The Spark

the Voice of
The Communist League of Revolutionary Workers–Internationalist

“The emancipation of the working class will only be achieved by the working class itself.”
— Karl Marx

10 Years after the Killing of Trayvon Martin

Feb 28, 2022

On February 26, 2012, 17-year-old Trayvon Martin was killed by a neighborhood watch captain—George Zimmerman. Martin was walking back from the 7-Eleven with his bag of Skittles and ice-tea to a relative’s house where he was visiting in a gated community in Sanford, Florida. Zimmerman stalked and killed Martin. In Zimmerman’s racist mind, a black guy in a hoodie was suspicious and dangerous. Never mind that it was Zimmerman who was carrying the gun. Zimmerman took it upon himself to play cop, jury, judge, and executioner. This incident touched off protests and demonstrations.

It sparked a movement. Ten years later, “Black Lives Matter” has grown from a hashtag after the acquittal of George Zimmerman to a protester’s cry to a movement. Since Trayvon Martin there have been many more killings—too many to count, and many more protests, demonstrations, and uprisings.

Some notable examples are Eric Garner, killed in July of 2014, in a choke hold by a New York city cop. The killing of Michael Brown by a cop in Ferguson, Missouri in August of that same year which led to a month-long uprising in the city. Freddie Gray’s killing in 2015, by Baltimore city cops, which led to many protests including the famous march from Mondawmin mall south through the city, led by high school students. All these and many more killings and protests occurred up to the killing of George Floyd on May 25, 2020, in Minneapolis, Minnesota by four cops. Then, the protests and demonstrations went to a new level. It is estimated that over half a million people were involved in over 550 places across the U.S. Not just in large cities, but small towns, local neighborhoods. People organized where they lived.

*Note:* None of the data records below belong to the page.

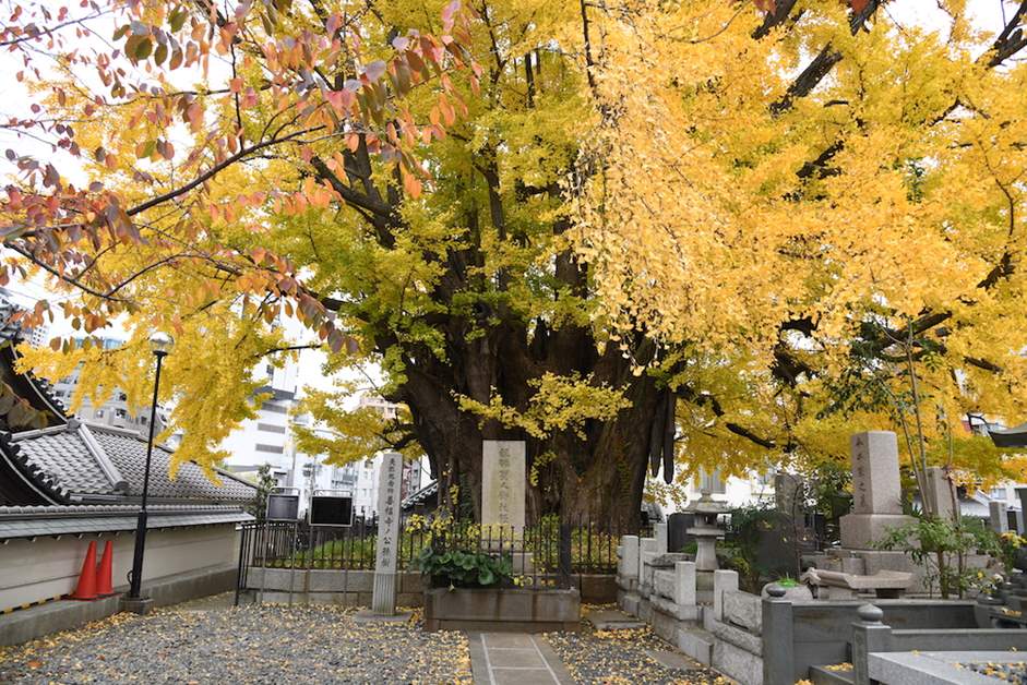 돌계단을 오른 경내에서도 단풍의 경치를 즐길 수 있습니다. 특히 중앙에 서 있는 큰 은행나무는 미나토구의 천연기념물로 등록되어 있는 400년 이상 된 명목. 무려 줄기의 둘레가 약 7.5미터나 되는 큰 나무입니다.
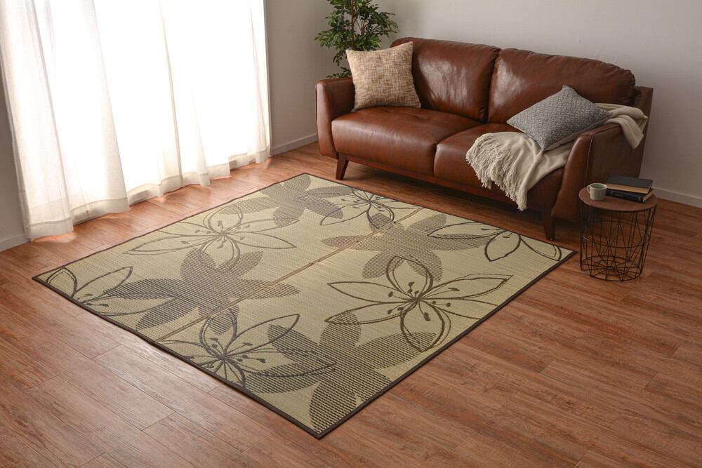 大きな花のデザインが人気のい草ラグ。い草がもつ湿度調整機能でサラリと爽やかな肌触りは、暑い季節を快適に過ごすには最適なアイテムです。裏面は、不織布加工で床を傷つけにくくなっています。
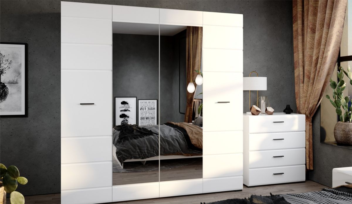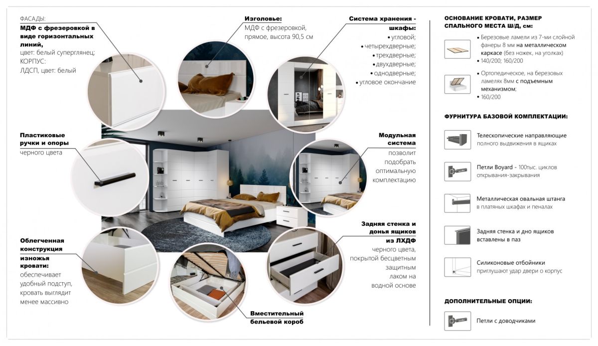 Спальня Йорк отличается стильным европейским дизайном. Глянцевые белые фасады High Gloss из МДФ отражают световые потоки, спальня выглядит динамично, воздушно и легко, что актуально для небольших помещений. Строгая горизонтальная фрезеровка украшает фасады, а контрастные черного цвета ручки и задняя стенка делают спальню особенно выразительной. Спальня универсальна, сочетается с любой мебелью и отделкой. Состоит из отдельных модулей, благодаря чему можно легко подобрать мебель для комнаты любого размера. Выполнена из экологически безопасных и надежных материалов.
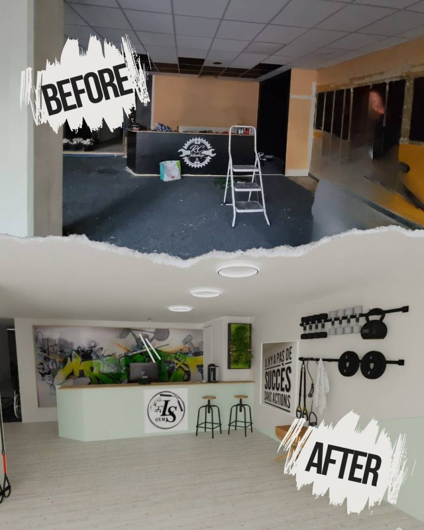 Cet ancien local commercial a été transformé en salle de sport. La cliente souhaitait apporter une touche d'originalité et de personnalité à cette salle afin qu'elle ne ressemble pas à toutes celles des anciennes connues actuellement.
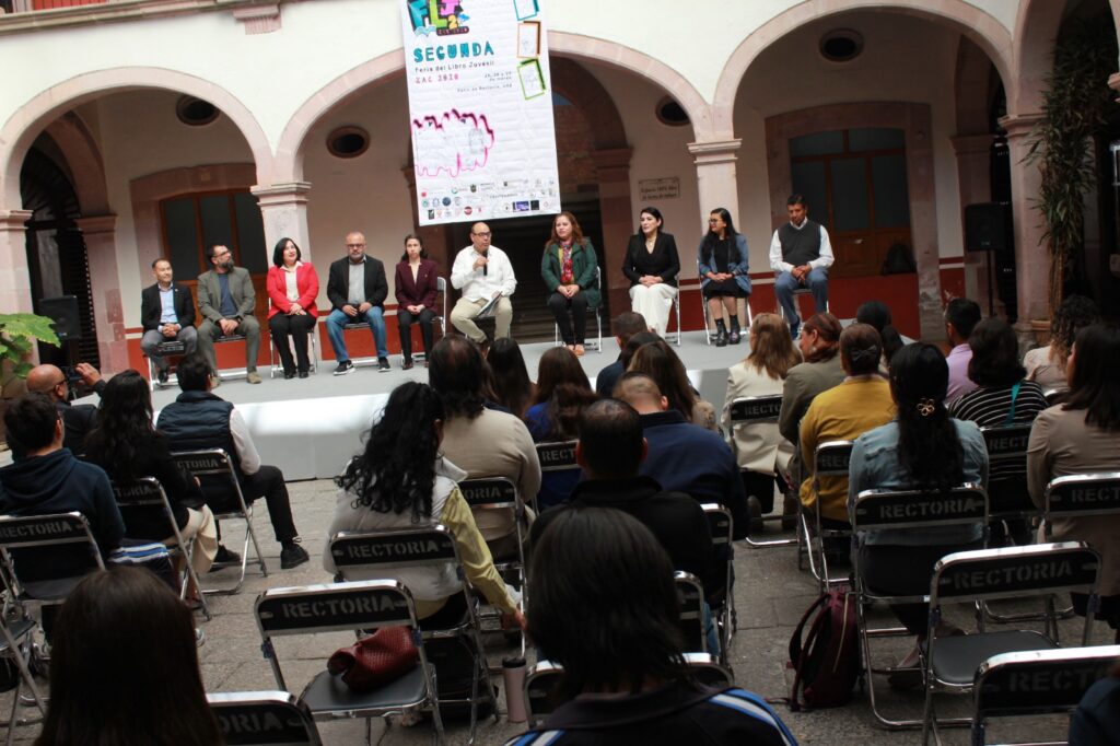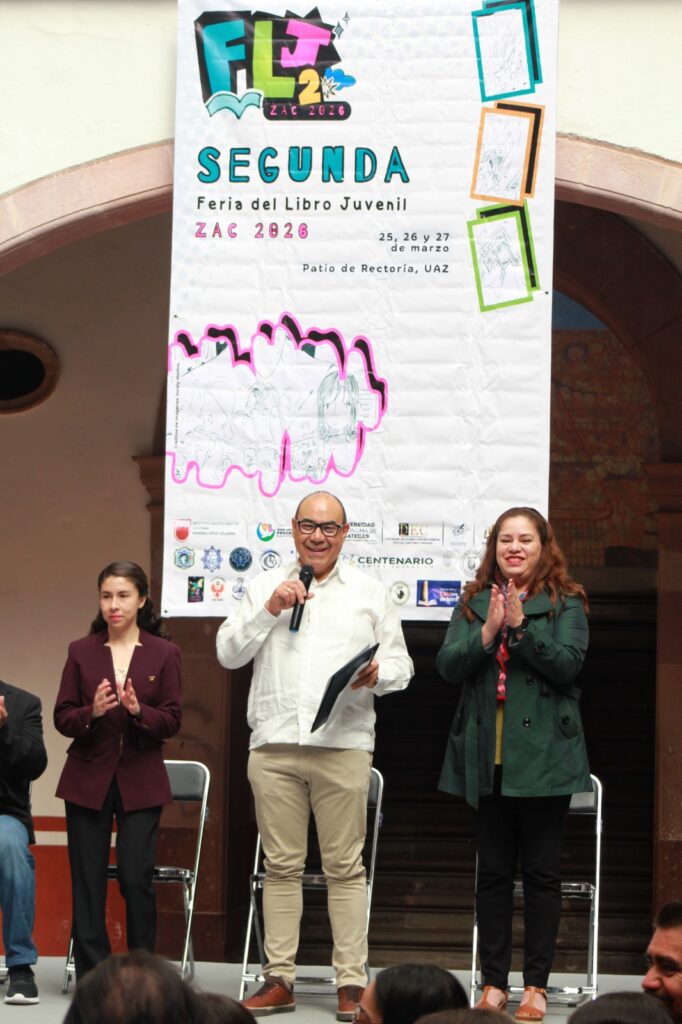 Con el objetivo de fomentar el hábito de la lectura y la escritura entre las nuevas generaciones, la Universidad Autónoma de Zacatecas (UAZ), a través del Doctorado en Estudios Contemporáneos (DEC), la Unidad Académica de Letras (UAL), la Coordinación de Bibliotecas y la organización de la Feria del Libro Juvenil, inauguraron formalmente la Segunda Edición de la Feria del Libro Juvenil 2026 en el patio de Rectoría de la UAZ.
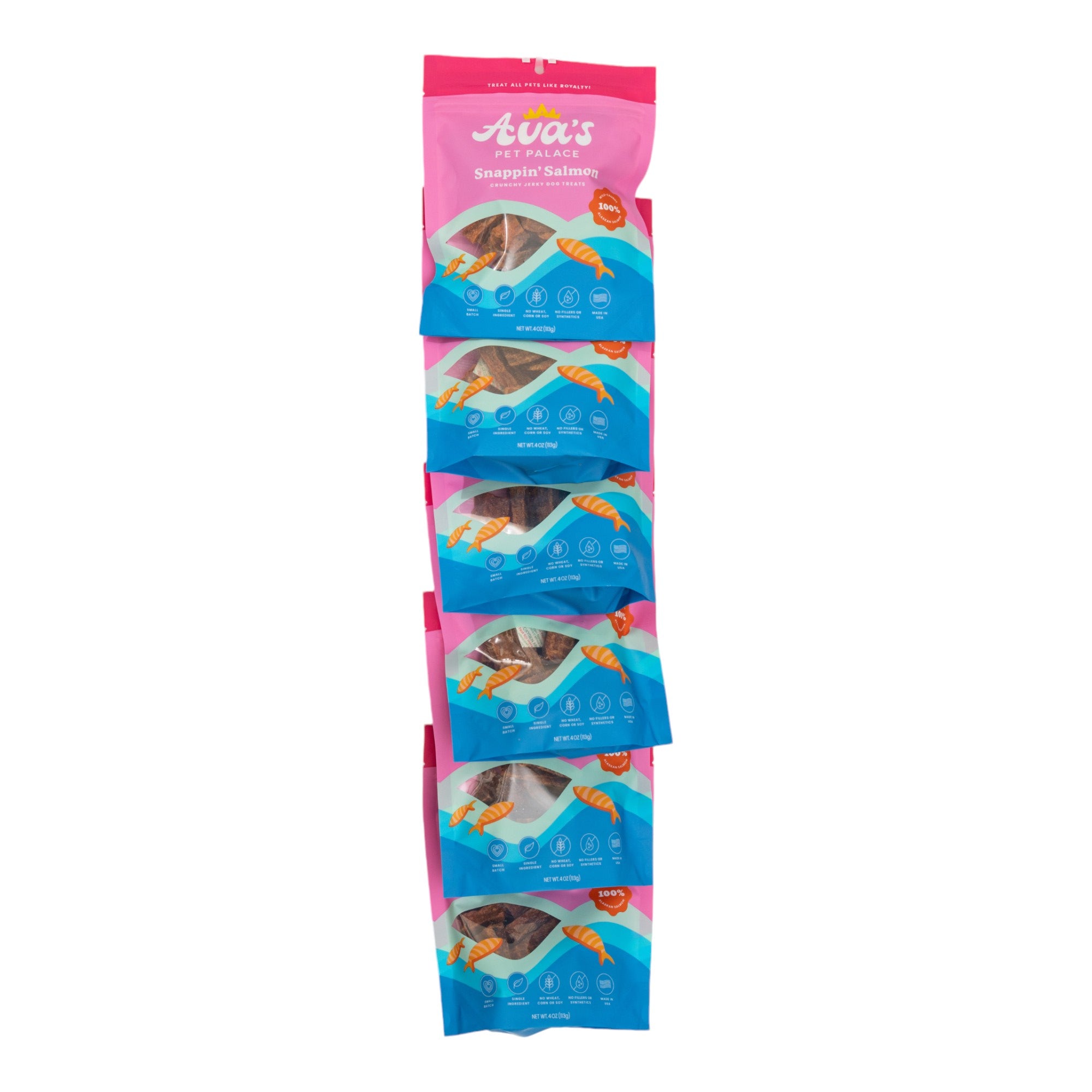 Introducing Ava's Pet Palace Single-Ingredient 100% Wild Alaskan Snappin' Salmon Treats – the ultimate healthy, delicious treat for dogs! Made from responsibly sourced, wild-caught Alaskan salmon, these treats are rich in omega-3 fatty acids, promoting a shiny coat and healthy skin. Perfect for health-conscious pet owners and dogs with dietary sensitivities. Each 4 oz bag provides a high-protein, low-fat treat that dogs love.

It makes a difference to stand up against these wrongs. The movement has had an impact. In 2014, Laquan McDonald was killed by Chicago police. Over a year later video was released showing McDonald walking away from police when he was shot 16 times. The cop was charged and found guilty of second-degree murder. While he was recently released after only serving half his sentence, he was convicted because people were out there in the street protesting.

Derek Chauvin, the cop who knelt on George Floyd’s neck for over nine minutes, was convicted of murder. And now his three accomplices have been found guilty of violating Floyd’s constitutional rights because they did not stop Chauvin. This would not have happened without all the hundreds of thousands of people standing up and saying “No!”

In 1955, Emmet Till was brutally murdered in Money, Mississippi. His mother, Mamie Till-Mobley, had an open casket funeral because she wanted the world to know what they did to her son—touching off the Civil Rights Movement. A movement that had an impact particularly in reducing the number of lynchings against black people.

The killing of Trayvon Martin sparked a very different movement but one that has had its impact and hopefully a movement that can grow to recognize racist violence as part of a much larger violent system that has to be dismantled and replaced, because it cannot be reformed.